Nesta altura Mr. Squeers já tinha descido da carruagem e depois de ter dito ao rapaz para olhar pelo cavalo e de não lhe deitar mais comida nessa noite, disse a Nicholas para esperar um minuto à porta da frente, enquanto ele ia de roda para lha abrir.
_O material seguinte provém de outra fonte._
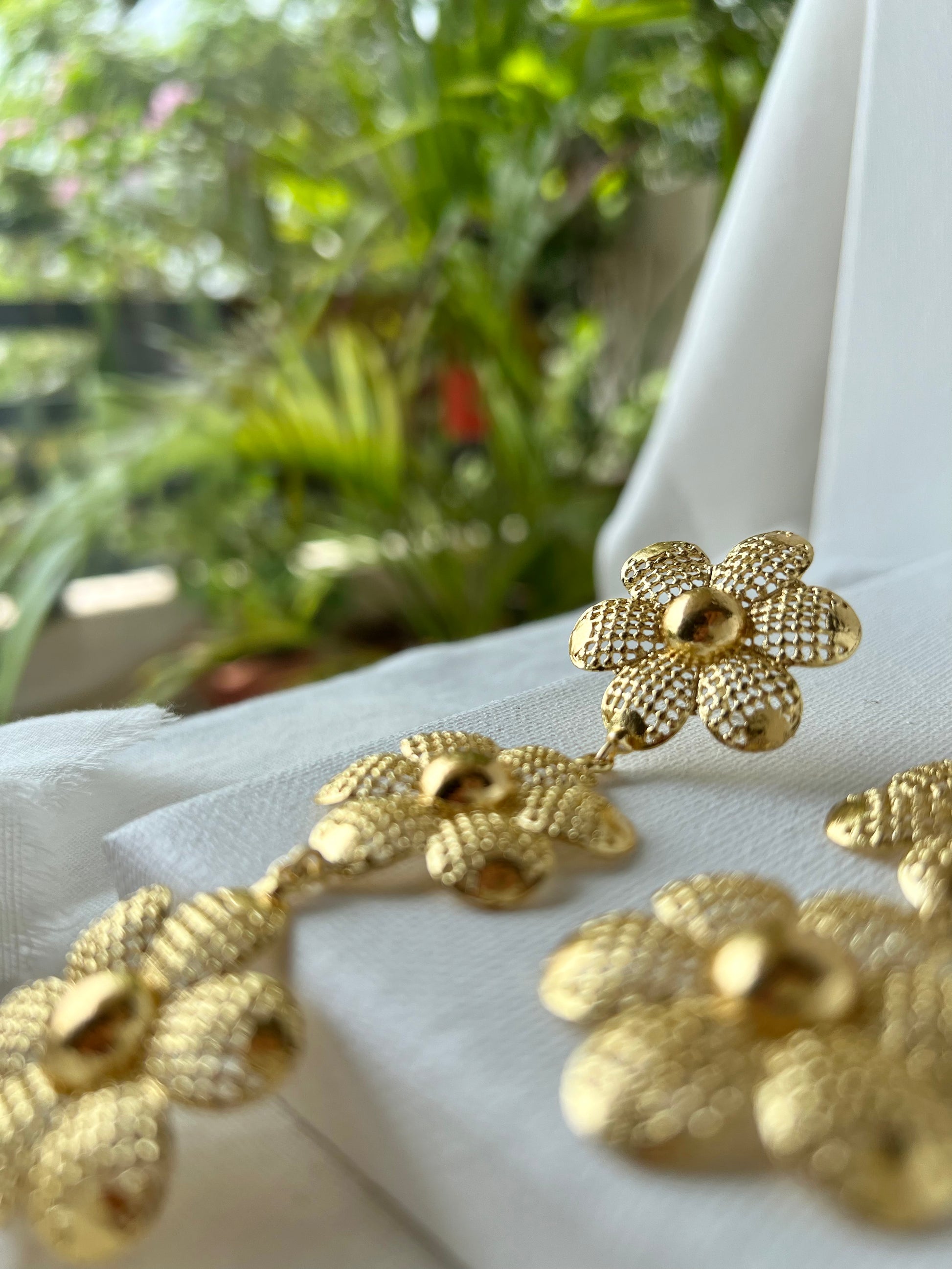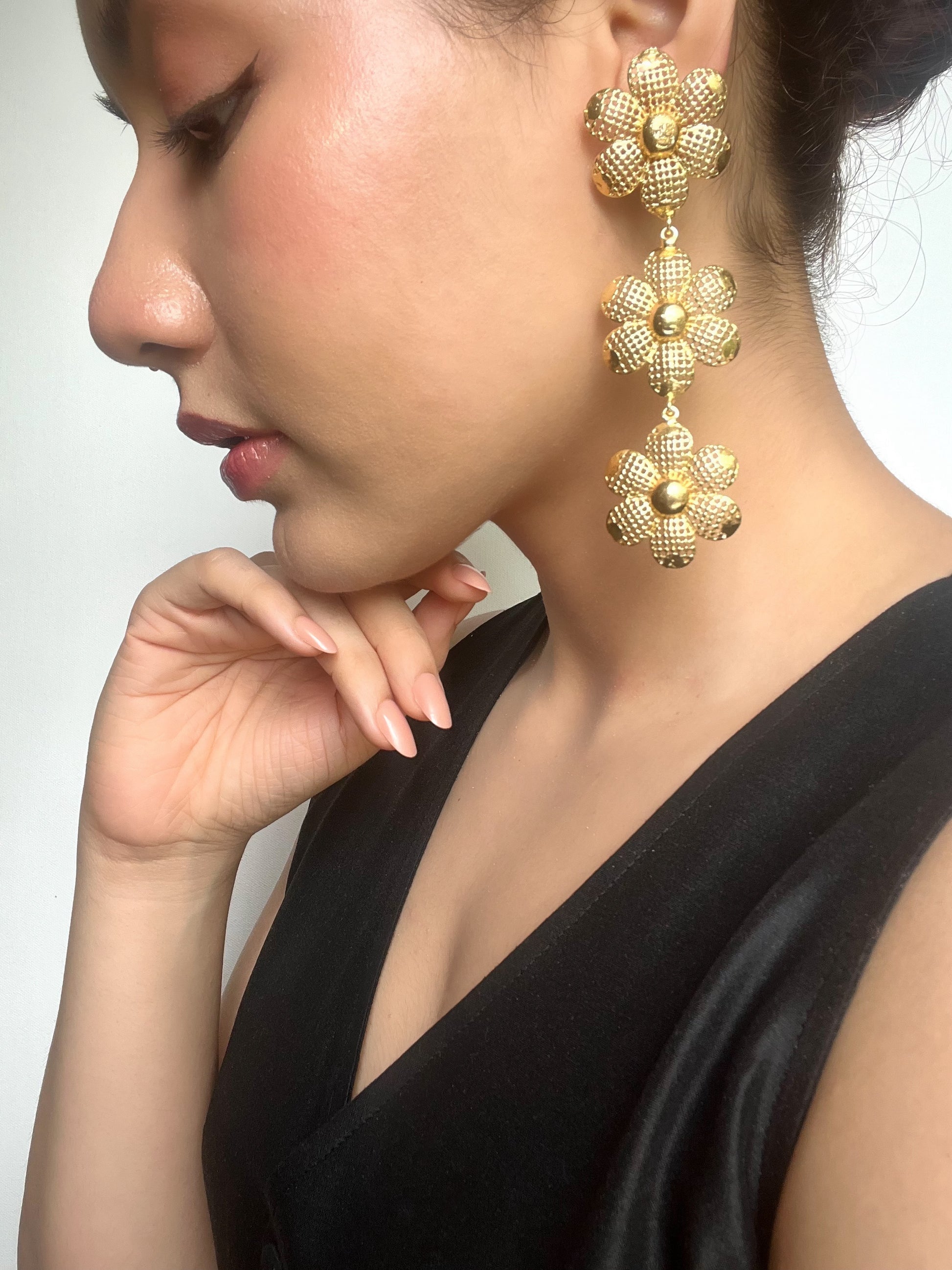 Radiate festive elegance with the Golden Daisy Cascade Earrings, a striking pair of handcrafted statement earrings designed to captivate. Made from fine brass and finished with luxurious 18K gold plating, these earrings feature three bold daisy flower motifs, beautifully suspended one below the other in a graceful cascade. With their vibrant design and artful composition, these earrings are perfect for making a radiant impression at festive occasions. Bold yet refined, the Golden Daisy Cascade Earrings are a celebration of beauty and craftsmanship, adding a touch of floral grandeur to your ensemble.

Um cortejo de desagradáveis suspeitas, que Nicholas tinha vindo a acumular durante toda a viagem, acudiram‑lhe em tropel à mente com redobrada força, quando ficou só. A grande distância a que estava de casa e a impossibilidade de lá chegar, a não ser a pé, no caso de desejar ir embora, apresentou‑se‑lhe com as mais alarmantes cores. E quando olhou para a horrível casa, para as janelas escuras e para o campo bravio em volta, coberto de neve, sentiu o espírito e o coração oprimidos, como antes nunca experimentara.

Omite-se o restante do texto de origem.